Blackstone is banking on bright days ahead for the single-family rental sector, agreeing to acquire major landlord Tricon Residential for $3.5 billion.
Blackstone will pay $11.25 per share for the Toronto-based company, Bloomberg reported, a premium on the stock’s Thursday closing price of $8.63. Blackstone Real Estate Partners X and Blackstone Real Estate Income Trust are partnering on the acquisition.
BREIT is maintaining an 11 percent ownership stake in Tricon following the deal’s closing, which is expected to come in the second quarter. Four years ago, Blackstone led a preferred equity investment in Tricon.
Led by former Goldman Sachs banker Gary Berman, Tricon holds a portfolio of roughly 38,000 single-family rental homes nationwide. The company also owns apartment buildings in Toronto and some land expected to be developed.
Blackstone plans on completing $3.5 billion worth of projects Tricon already has in the pipeline.

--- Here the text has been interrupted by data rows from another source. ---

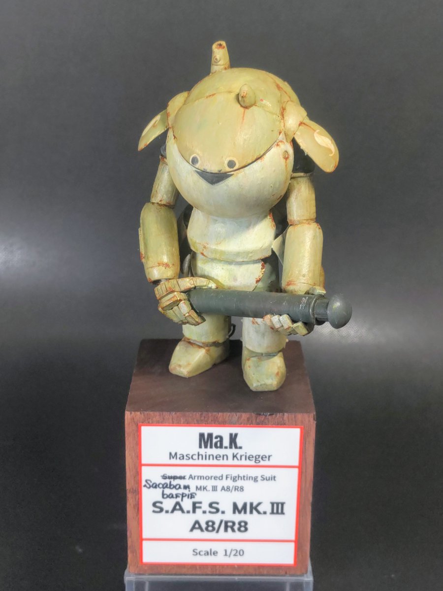 ウェーブ 1/20 A8/R8 完成っ! ボディの「福」と「竜」はレインボウエッグさん。 肩アーマーの「355」はバルケッタさんのクルマ用のデカールからそれぞれお引越し。 そしてグーと爆導索の握り手はピンクタンクさんの改造パーツをちょこっと調整して使ったプチ贅沢仕様っ #マシーネンクリーガー
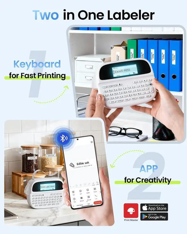 Two Printing Modes : Unlike traditional label makers, EazeID M950 portable label printer supports both QWERTY keyboard printing and Bluetooth connect to the "Print Master" app and gain free access to a vast library of customizable label templates. The app supports over 1000 patterns, 100+ frames, 100+ fonts, barcodes, and QR codes
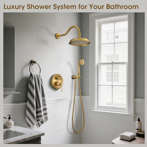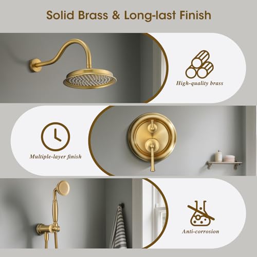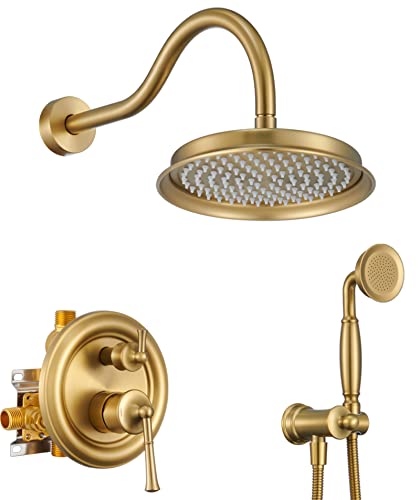 ?BRUSHED GOLD FINISH SHOWER HEAD?WINKEAR's roman and elegant wall mount shower faucet set with a streamlined design that makes it a great fit for any type bathroom. Solid brass construction for handheld shower and rain shower, promises you a long lasting use quality. WINKEAR brushed gold finish with glaze sealing process to prevent water spot and fingerprints, which will not fade over time.
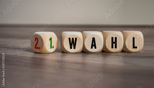 Cubes, dice or blocks with first and second choice and the german translation erste wahl und zweite wahl on wooden background
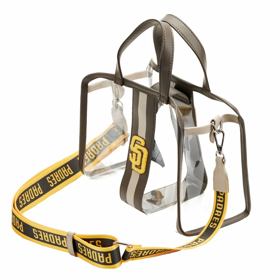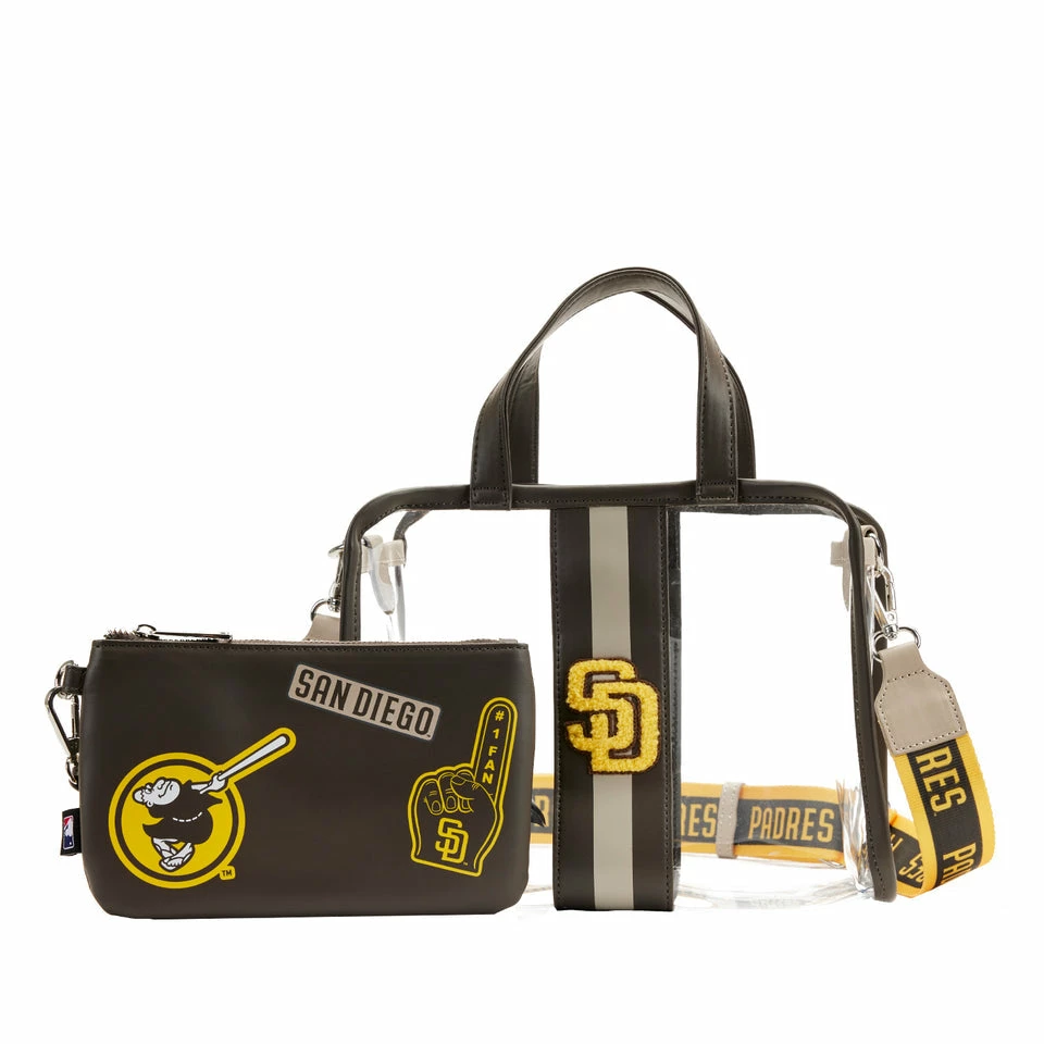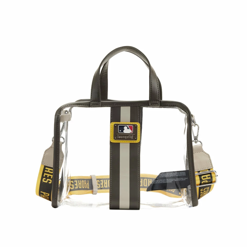 Show your team spirit with an accessory that will knock your Loungefly collection out of the park! The MLB SD Padres Stadium Crossbody Bag with Pouch is a home run for any Padres fan. Made of clear PVC material, this bag is perfect for bringing your gameday essentials into the ballpark. The team’s logo appears on the bag’s center and along the black, adjustable strap. Featuring sporty embroidered patch details, the inner detachable zipper pouch has plenty of room to hold your important items. This multi-functional bag provides a stylish way to transport your gear as you cheer on your team from the sidelines.

It will also work on $1 billion worth of capital projects in the coming years.
Tricon is one of the major single-family rental landlords taking advantage of the sector’s resilience, as single-family rents have proven to be more solidified than apartment rents in recent months. In the third quarter, Tricon posted rent increases above 6 percent year-over-year, something Berman directly tied to the housing market.
Blackstone has been a critical backer of single-family rental efforts for the last decade.

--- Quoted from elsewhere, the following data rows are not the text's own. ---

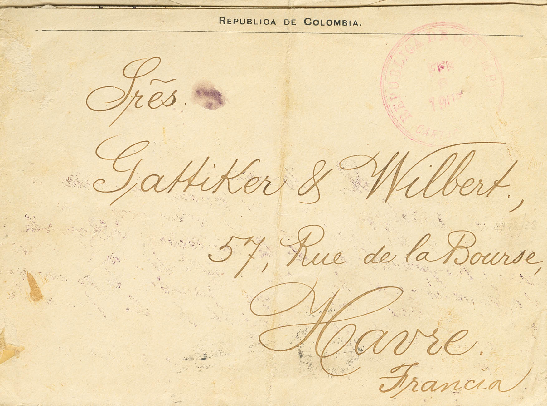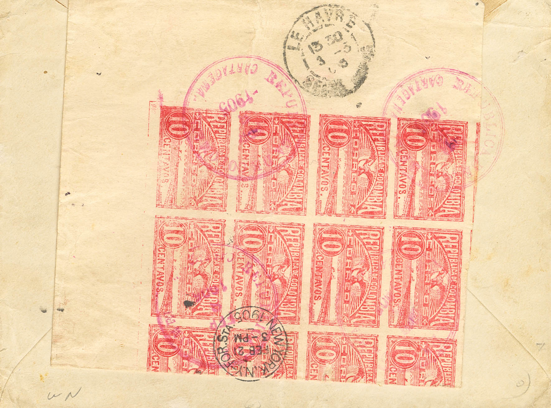 Yvert 140A(20). 1905. 10 ctvos rojo SIN DENTAR, bloque de veinte (plegado y adherido por un lateral en el reverso). CARTAGENA a LE HAVRE (FRANCIA). En el frente y sobre los sellos, fechador REPUBLICA DE COLOMBIA / CARTAGENA, en violeta y al dorso tránsito NEW YORK y llegada (sobre los sellos). MAGNIFICA.
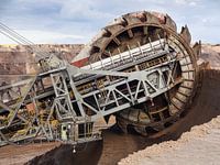 Het emmerwiel van een bruinkoolgraafmachine in de Garzweiler bruinkoolmijn van dichtbij gezien.
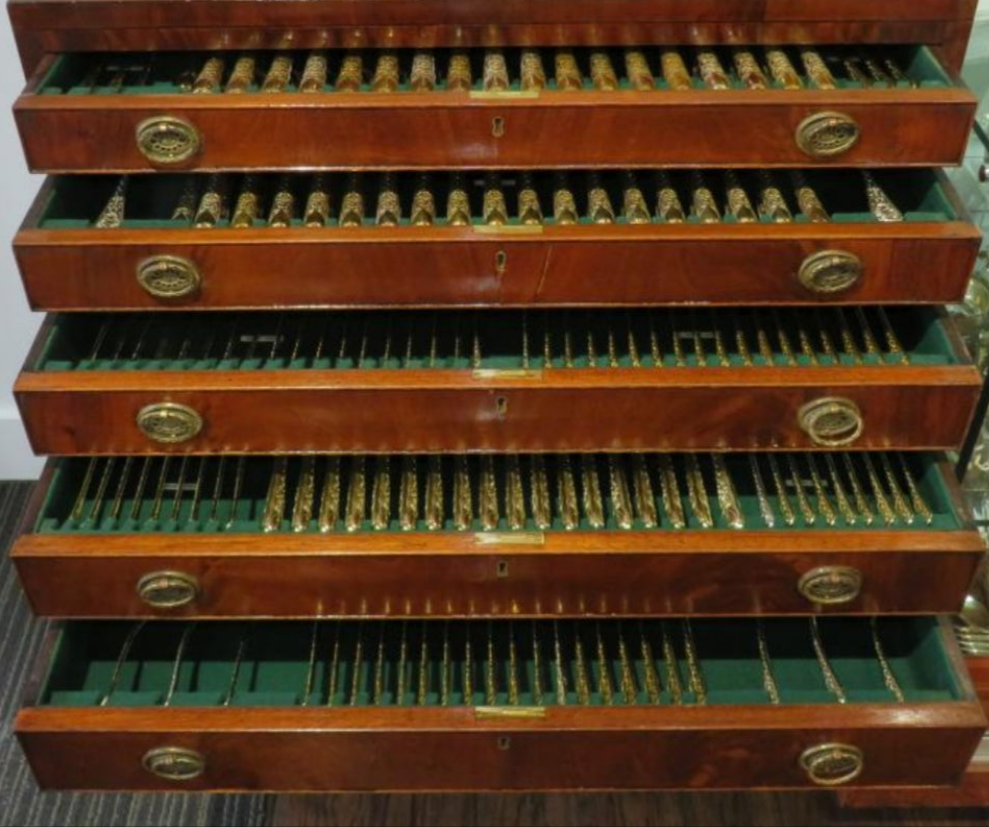 COCOMONEY.STORE. AUTHENTIC VERIFIED GUARANTEED An extensive and fine quality assembled Victorian and later sterling silver-gilt flatware service for 18 by George Adams, Francis Higgins, and CJ Vander, hallmarked London 1863 and later, with a fitted canteen, comprised of:
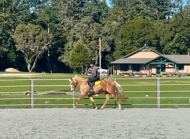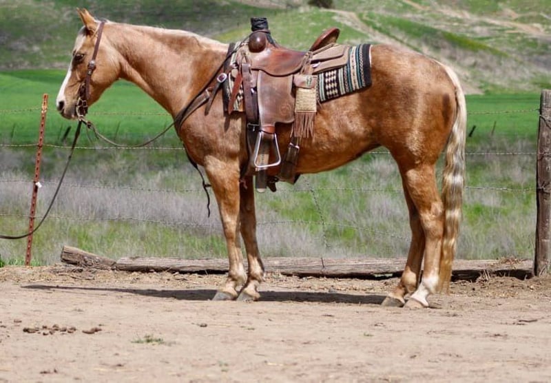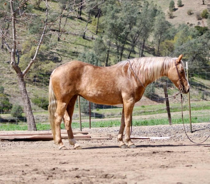 ONLINE AUCTION Place your bids at www.PlatinumEquineAuction.com Starting Bid $3500 Auction ends April 13th, 2025 Need a new saddle? Check out White Rock Saddles on our website or Facebook! Bam Bam is an exceptional little mare. Her attitude, and handle do completely match her flawless look. Bam is 12 years old and the stoutest built 14.1HH you’ve ever seen. Even tho she is grade she is sired by a buckskin AQHA “MR HOLLYWOOD ROOSTER”. This is the most easy going little horse you can find. She is absolutely safe for any and everyone. She has been used as a ranch, lesson, English and trail horse and she is very adaptive to every scene. She is a fancy, fluid mover and catches eyes everywhere she goes! Beginners get along with her more “whoa than go” attitude, then advanced riders enjoy her poise and fancy performance handle. Bam Bam is used to long trail rides in all types of terrain, all the farm animals, and crowded roads. She doesn’t spook, or get nervous ever. She is always calm, cool and collected. She is the prettiest little English pony and knows all the basic maneuvers. She’s happy to go anywhere she’s pointed out on the trail, and is just as happy in the arena. Bam Bam has a nice low headset, W-T-L both directions effortlessly, has a great collected stop and reverse. She is easy to one hand direct rein, and respects leg pressure easily. Bam Bam clip, ties, loads and bathes, flat footed and quietly. She is great with her feet and has excellent ground manners. She is safe to have around your entire family from toddlers, to mother in laws. We are sure you’ll love Bam as much as we do, no matter the environment! She is located in Bitterwater, CA. For more info, contact Cheyenne at 831-537-8746. ONLINE AUCTION Place your bids at www.PlatinumEquineAuction.com Starting Bid $3500 Auction ends April 13th, 2025 Need a new saddle? Check out White Rock Saddles on our website or Facebook!
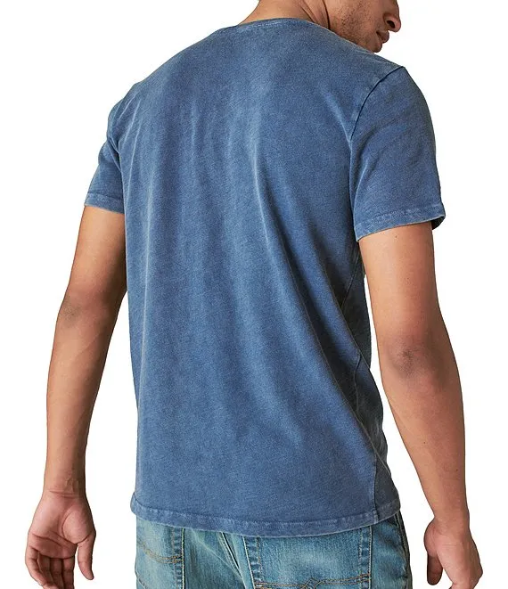 Short Sleeve Button Notch Neck Venice Burnout T-Shirt
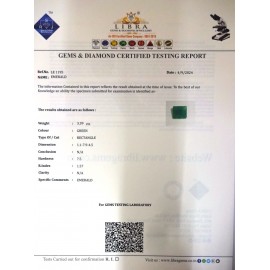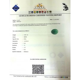 REPORT.NO.- LE 179CLARITY.- N/ACOLOUR.- GREENSHAPE/CUT.- OVALWT.- 3.63 CTSDIMENSION.- 1-8.9-7.4-6.R.INDEX.- 1.57HARDNESS.- 7.5COMMENT.- EMERALD..
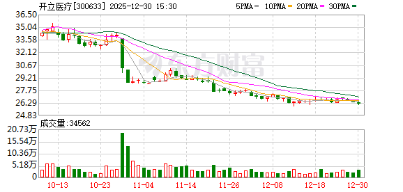 开立医疗2025年三季报显示,前三季度公司主营收入14.59亿元,同比上升4.37%;归母净利润3351.11 万元,同比下降69.25%;扣非净利润2399.1万元,同比下降72.14%;其中2025年第三季度,公司单季度 主营收入4.95亿元,同比上升28.42%;单季度归母净利润-1351.92万元,同比上升78.05%;单季度扣非 净利润-1588.57万元,同比上升76.92%;负债率24.22%,投资收益207.82万元,财务费用-3830.36万 元,毛利率60.36%。开立医疗(300633)主营业务:医疗诊断及治疗设备的自主研发、生产与销售。 证券之星消息,截至2025年12月30日收盘,开立医疗(300633)报收于26.2元,下跌0.49%,换手率 0.8%,成交量3.46万手,成交额9073.33万元。 12月30日的资金流向数据方面,主力资金净流入966.07万元,占总成交额10.65%,游资资金净流出 426.32万元,占总成交额4.7%,散户资金净流出539.76万元,占总成交额5.95%。 近5日资金流向一览见下表: 该股主要指标及行业内排名如下: 该股最近90天内共有11家机 ...

After selling off its shares in Invitation Homes in 2019, post-pandemic trends beckoned Blackstone back into the sector. In June 2021, the investment giant made a $6 billion bet on Home Partners of America, buying a portfolio of 17,000 properties. Blackstone was likely anticipating a boom on rent-to-own demand, as housing affordability decreased across the country.
Two years ago, Blackstone planned to spend $1 billion to expand its affordable single-family rental offerings, looking to invest those funds in roughly 4,000 properties in a two-year period. Run by Home Partners, the Choice Lease program was designed for households earning 80 percent or less of their area’s median income; the program offers participants a 10 percent reduction on their monthly rent.
The program could help Home Partners scale its offerings to those who couldn’t previously afford to rent from the company.